Tears fall from her eyes. I feel so bad for her. I wrap an arm around her and pull her close. Kay leans her head on my shoulder and makes no effort to brush her tears away. They fall with a collective plop onto the ground. They tease us with their unity, formed from a girl who believed herself to be, very much alone.
“I’m sorry Kay. I really, truly am.”
She shakes her head at me and continues her tale.
“I got away, and found the men days later. I was young, so they paid me no mind when I moved around the inn they were celebrating at. No one did. I was just a lost thing.”
I use a finger to move the bangs from her eyes, hoping to give her some amount of comfort.
“By the time the fire started, the doors were barricaded. The building went down in smoke, and soot painted the sky.”
“So you killed them for what they did to you and your family? I can’t say it was right, but I can say there aren’t many who wouldn’t sympathize.”
She glances up at me, “The inn wasn’t theirs alone.”

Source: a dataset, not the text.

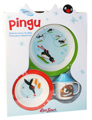 Tålig barnservis i repsäker melaminplast med motiv av Pingu.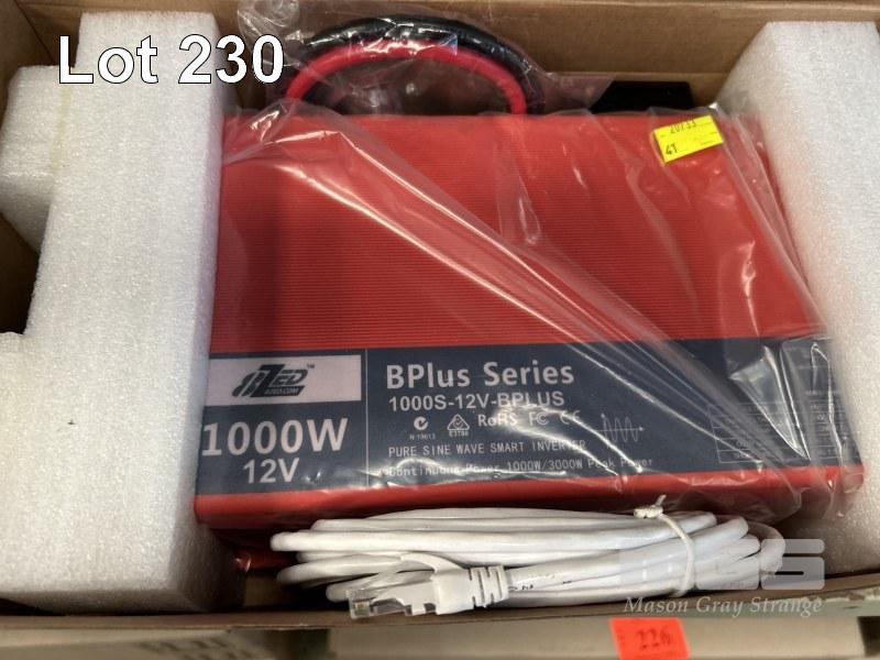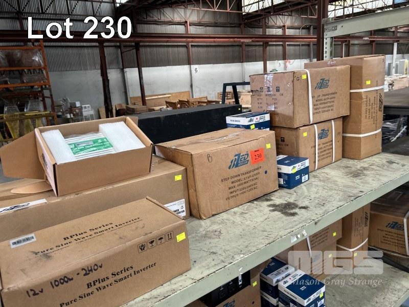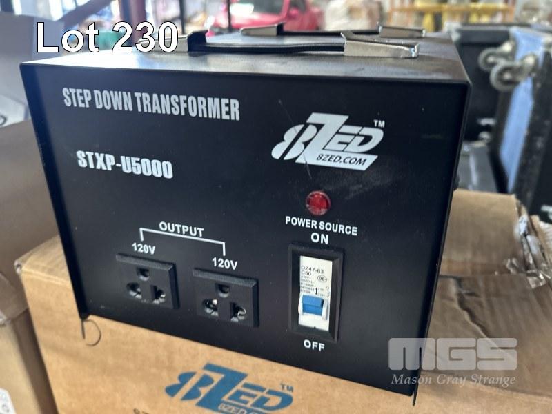 3 x POWER INVERTERS, 8 ZED, PURE SINE WAVE 4000w- 24V DC TO 240VAC, 1000w -12V DC TO 240VAC, 600w - 12V DC TO 120VAC, 3 x POWER TRANSFORMERS INCLUDING 5000w - 240V TO 120VAC, STEP DOWN 4000w - 120V TO 240VAC, STEP UP, 2000w - 120V TO 240VAC, STEP UP, 2 x 600w - 240V TO 120VAC, STEP DOWN, 4 x 100w - 240V TO 120VAC, STEP DOWN

Understanding dawned on me at that. She took out everyone in order to take out those men. I can’t imagine it, and certainly can’t imagine what it’s done to her.
She seems to recognize my look and says with a shake of her head, “No. I felt nothing about it. I think that’s why Ame took me in.”
“Who’s that?” I ask, fearing what I will hear next.
She blinks tears away and says, “The leader of the Arkadastic Order…”
I look on in confusion so she clarifies, “ArkO is the deadliest group of trained killers in the world. Many believe them to be a myth. But we were real, are real.”
And like that, the disconnection hits. No matter how much I grow used to this world, I will never truly be one of its denizen will I?
“And this ‘Ame’ is their leader? And what? Took you in?” Kay’s eyes sparkle when she speaks now.
“In not so many words.”
Oh the irony, my dear Kay.
“She found out what I did. Requested me. Trained me. Only the best can murder the way I do.”
I’ve never seen Kay so happy before, so full of pride- and it sends shivers down my spine.
“And so I became the Vagar of murder,” she says, absolutely beaming with a smile that dances ear to ear.